Baked Potato with Shrimps for Iftar

Baked Potato with Shrimps for Iftar

 

BAKED PATATOES WITH SHRIMPS

INGREDIENTS TO MAKE BAKED POTATO SHRIMPS FOR IFTAR:
  • 12 medium potatoes or 3 kg
  • 2 tablespoons vegetable oil
  • 1 medium onion, finely chopped
  • 1½ cups mushrooms, sliced
  • 750 g peeled shrimps, small size
  • 1½ cups milk, fresh
  • 2 cubes MAGGI® Chicken Stock Bouillon Cube
  • ½ cup fresh dill, finely chopped
  • ½ teaspoon ground black pepper

 

STEPS:
  • Wrap each potato with aluminum foil, and bake them in a 220°C preheated oven for 45 minutes or until they are well done.
  • Meanwhile, heat oil in pan, fry onions for 3 minutes.
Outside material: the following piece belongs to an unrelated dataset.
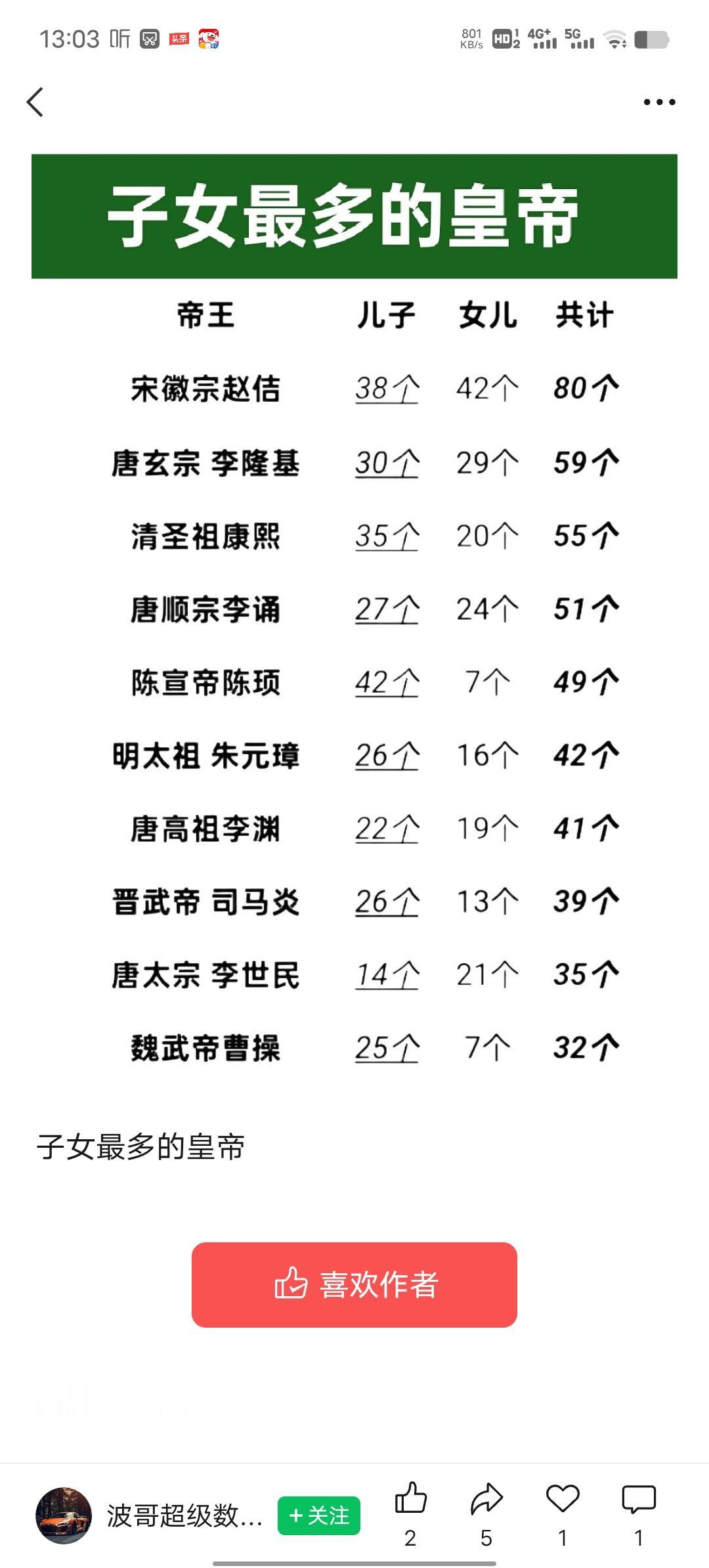 头条创作训练营 历史上子女多的皇帝还真不少。梁武帝萧衍排第十,《梁书・武帝纪》记载他有31个子女,14个儿子、17个女儿。他活了86岁,是古代少有的高寿皇帝,可惜晚年怠政引发侯景之乱,子女大多没好下场,有的死于战乱,有的自相残杀。 唐太宗李世民排第九,《旧唐书・太宗本纪》显示他有35个子女,14个儿子、21个女儿,在唐朝皇帝里子嗣数量顶尖。不过他儿子命运不佳,14个儿子中有3个早夭,还有3个有其他不幸遭遇。这些皇帝子女众多,却各有各的无奈啊。
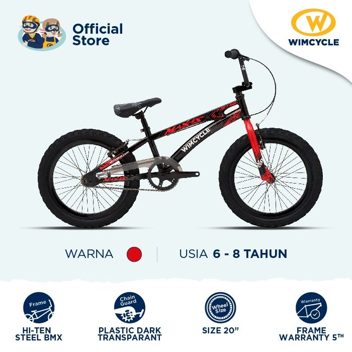 Sepeda Anak BMX 20" Wimcycle Maxxis 20 - Black Red

Add mushrooms and cook for another 3 minutes.
  • Add shrimps, milk, MAGGI Chicken Stock cubes, dill and black pepper. Cook for 3 minutes.
  • Add diluted corn flour and mix well. Cook for another 2 minutes or until the sauce thickens. Remove sauce from heat and set aside.
  • Unwrap the potatoes, make a crosscut in the top of the potatoes, apart the potatoes from both sides to make holes in each one.
  • Spoon some of the shrimps mixture in each hole and serve immediately.